# Can the distribution of a pivot depend on known parameters?

I have a question about the distribution of a pivot. Different sources give slightly different definitions of a pivot. Some of them define it as a random variable $$Q(\mathbf{X}, \theta)$$ whose distribution is the same for all $$\theta$$, where $$\theta$$ is a vector of parameters of $$X$$'s distribution (see definitions from wikipedia and Casella-Berger below; here $$X$$ is a r.v. which generate observations). But some other sources define pivot as a random variable whose distribution doesn't depend on unknown parameters of $$X$$'s distribution (see definition from "probability course" below), this means that theoretically pivot's distribution can depend on known parameters of $$X$$'s distribution. All examples of pivots for different population distributions, that I have seen in textbooks, didn't depend on all (known and unknown) parameters of $$X$$'s distribution.
So, my question is – can the distribution of a pivot depend on known parameters of $$X$$'s distributiion?
I mean cases when $$X \sim P_\theta; ~\theta = (\theta_1, \ldots, \theta_k),$$ and some of the components of vector $$\theta$$ are known (known parameters) and other components are unknown (unknown parameters); and we need to build confidence interval for some unknown parameter $$\theta_j$$ using sample from $$P_\theta$$ (typically we construct a pivot for this purpose).

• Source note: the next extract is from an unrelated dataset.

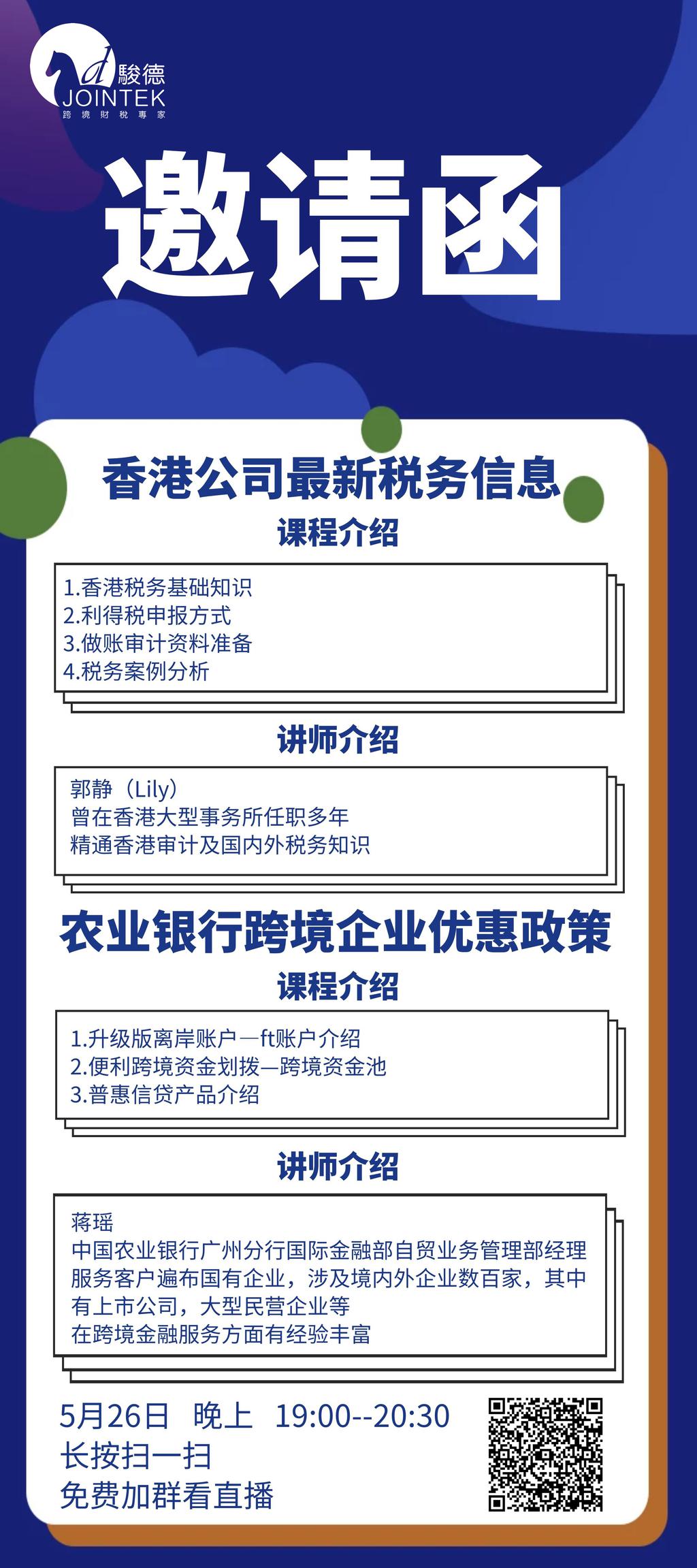 5月26日晚上19点,骏德团队特邀讲师郭静(lily)老师和中国农业银行广州分行国际金融部自贸业务管理部经理蒋瑶将为我们举办一场关于“中国香港公司最新税务信息 & 农业银行跨境企业优惠政策”的线上直播讲座,为我们带来中国香港税务基础知识、利得税申报方式、做账审计资料准备、税务稽查案例分析、升级版离岸账户—ft账户介绍、便利跨境资金划拨—跨境资金池、普惠信贷产品介绍,相信能对您的企业有所裨益,赶快抓紧时间报名!
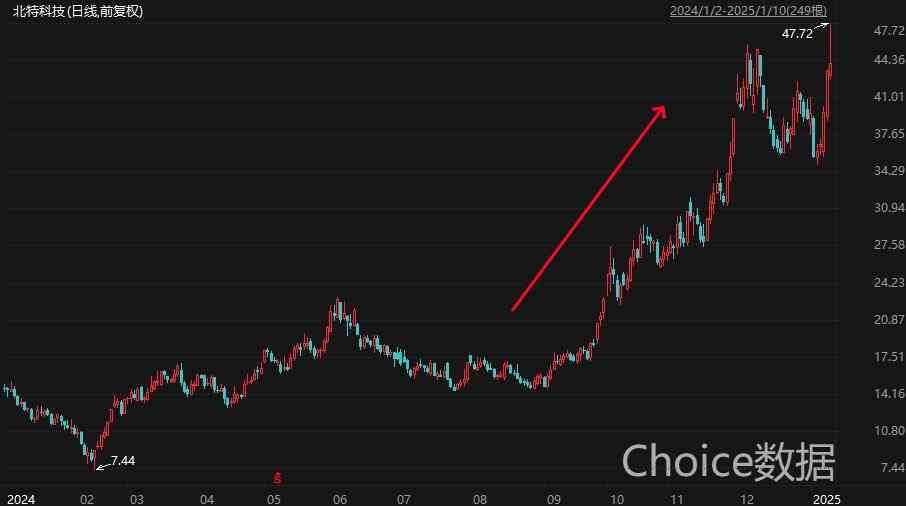 人形机器人概念股北特科技周五盘中一度大涨9%,最高触及47.72元。拉长时间来看,自2024年年初迄今,北特科技股价累计最大涨幅541.40%。消息面上,近日,人形机器人产业迎来密集催化。马斯克表示,如果一切进展顺利,2026年特斯拉的人形机器人产量将增加10倍。此前,黄仁勋在CES2025上再次强调人形机器人的GPT时刻到来。

Below definitions of a pivot from three different sources are given.

First one is the definition of a pivot from wikipedia:

In statistics, a pivotal quantity or pivot is a function of observations and unobservable parameters such that the function's probability distribution does not depend on the unknown parameters (including nuisance parameters). A pivot quantity need not be a statistic — the function and its value can depend on the parameters of the model, but its distribution must not. If it is a statistic, then it is known as an ancillary statistic.
More formally, let $$\mathbf{X} = (X_1,X_2,\ldots,X_n)$$ be a random sample from a distribution that depends on a parameter (or vector of parameters) $$\theta$$. Let $$g(\mathbf{X},\theta)$$ be a random variable whose distribution is the same for all $$\theta$$. Then $$g$$ is called a pivotal quantity (or simply a pivot).